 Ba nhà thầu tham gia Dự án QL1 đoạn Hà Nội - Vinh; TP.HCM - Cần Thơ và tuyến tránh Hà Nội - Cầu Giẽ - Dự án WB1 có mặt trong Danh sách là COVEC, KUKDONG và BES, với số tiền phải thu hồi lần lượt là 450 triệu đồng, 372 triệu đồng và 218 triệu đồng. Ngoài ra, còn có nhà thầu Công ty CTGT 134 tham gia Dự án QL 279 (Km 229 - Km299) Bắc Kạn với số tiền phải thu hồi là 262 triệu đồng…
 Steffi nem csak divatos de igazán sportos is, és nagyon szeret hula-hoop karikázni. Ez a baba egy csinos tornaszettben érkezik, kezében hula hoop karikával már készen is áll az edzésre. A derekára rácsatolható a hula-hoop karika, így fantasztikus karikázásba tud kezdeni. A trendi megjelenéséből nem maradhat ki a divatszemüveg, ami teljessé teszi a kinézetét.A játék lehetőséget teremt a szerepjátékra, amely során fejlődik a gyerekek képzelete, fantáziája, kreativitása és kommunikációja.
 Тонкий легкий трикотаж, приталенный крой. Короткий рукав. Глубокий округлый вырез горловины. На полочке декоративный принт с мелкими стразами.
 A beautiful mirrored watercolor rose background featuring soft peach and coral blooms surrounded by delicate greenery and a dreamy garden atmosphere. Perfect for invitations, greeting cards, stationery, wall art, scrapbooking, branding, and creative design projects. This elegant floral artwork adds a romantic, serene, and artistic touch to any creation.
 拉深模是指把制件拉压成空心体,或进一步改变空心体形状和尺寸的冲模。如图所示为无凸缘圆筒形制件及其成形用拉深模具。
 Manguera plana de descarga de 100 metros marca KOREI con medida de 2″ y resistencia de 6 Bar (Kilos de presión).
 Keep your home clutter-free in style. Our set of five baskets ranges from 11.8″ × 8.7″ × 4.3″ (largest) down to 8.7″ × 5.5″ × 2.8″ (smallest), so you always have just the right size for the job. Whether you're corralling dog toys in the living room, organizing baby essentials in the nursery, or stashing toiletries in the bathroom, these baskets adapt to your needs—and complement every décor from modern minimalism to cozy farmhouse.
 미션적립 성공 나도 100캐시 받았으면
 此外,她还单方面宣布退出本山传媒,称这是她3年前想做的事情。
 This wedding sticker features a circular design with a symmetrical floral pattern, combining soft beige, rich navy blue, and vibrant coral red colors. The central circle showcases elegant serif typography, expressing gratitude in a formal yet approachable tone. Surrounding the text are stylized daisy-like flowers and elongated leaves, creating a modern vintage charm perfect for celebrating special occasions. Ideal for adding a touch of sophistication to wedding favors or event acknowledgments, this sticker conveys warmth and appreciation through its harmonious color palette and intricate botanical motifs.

▬▬▬▬▬▬▬▬▬▬

** Task statement **
Please copy the entire listing, leaving each line exactly as written.

** Output for this task **
 Ba nhà thầu tham gia Dự án QL1 đoạn Hà Nội - Vinh; TP.HCM - Cần Thơ và tuyến tránh Hà Nội - Cầu Giẽ - Dự án WB1 có mặt trong Danh sách là COVEC, KUKDONG và BES, với số tiền phải thu hồi lần lượt là 450 triệu đồng, 372 triệu đồng và 218 triệu đồng. Ngoài ra, còn có nhà thầu Công ty CTGT 134 tham gia Dự án QL 279 (Km 229 - Km299) Bắc Kạn với số tiền phải thu hồi là 262 triệu đồng…
 Steffi nem csak divatos de igazán sportos is, és nagyon szeret hula-hoop karikázni. Ez a baba egy csinos tornaszettben érkezik, kezében hula hoop karikával már készen is áll az edzésre. A derekára rácsatolható a hula-hoop karika, így fantasztikus karikázásba tud kezdeni. A trendi megjelenéséből nem maradhat ki a divatszemüveg, ami teljessé teszi a kinézetét.A játék lehetőséget teremt a szerepjátékra, amely során fejlődik a gyerekek képzelete, fantáziája, kreativitása és kommunikációja.
 Тонкий легкий трикотаж, приталенный крой. Короткий рукав. Глубокий округлый вырез горловины. На полочке декоративный принт с мелкими стразами.
 A beautiful mirrored watercolor rose background featuring soft peach and coral blooms surrounded by delicate greenery and a dreamy garden atmosphere. Perfect for invitations, greeting cards, stationery, wall art, scrapbooking, branding, and creative design projects. This elegant floral artwork adds a romantic, serene, and artistic touch to any creation.
 拉深模是指把制件拉压成空心体,或进一步改变空心体形状和尺寸的冲模。如图所示为无凸缘圆筒形制件及其成形用拉深模具。
 Manguera plana de descarga de 100 metros marca KOREI con medida de 2″ y resistencia de 6 Bar (Kilos de presión).
 Keep your home clutter-free in style. Our set of five baskets ranges from 11.8″ × 8.7″ × 4.3″ (largest) down to 8.7″ × 5.5″ × 2.8″ (smallest), so you always have just the right size for the job. Whether you're corralling dog toys in the living room, organizing baby essentials in the nursery, or stashing toiletries in the bathroom, these baskets adapt to your needs—and complement every décor from modern minimalism to cozy farmhouse.
 미션적립 성공 나도 100캐시 받았으면
 此外,她还单方面宣布退出本山传媒,称这是她3年前想做的事情。
 This wedding sticker features a circular design with a symmetrical floral pattern, combining soft beige, rich navy blue, and vibrant coral red colors. The central circle showcases elegant serif typography, expressing gratitude in a formal yet approachable tone. Surrounding the text are stylized daisy-like flowers and elongated leaves, creating a modern vintage charm perfect for celebrating special occasions. Ideal for adding a touch of sophistication to wedding favors or event acknowledgments, this sticker conveys warmth and appreciation through its harmonious color palette and intricate botanical motifs.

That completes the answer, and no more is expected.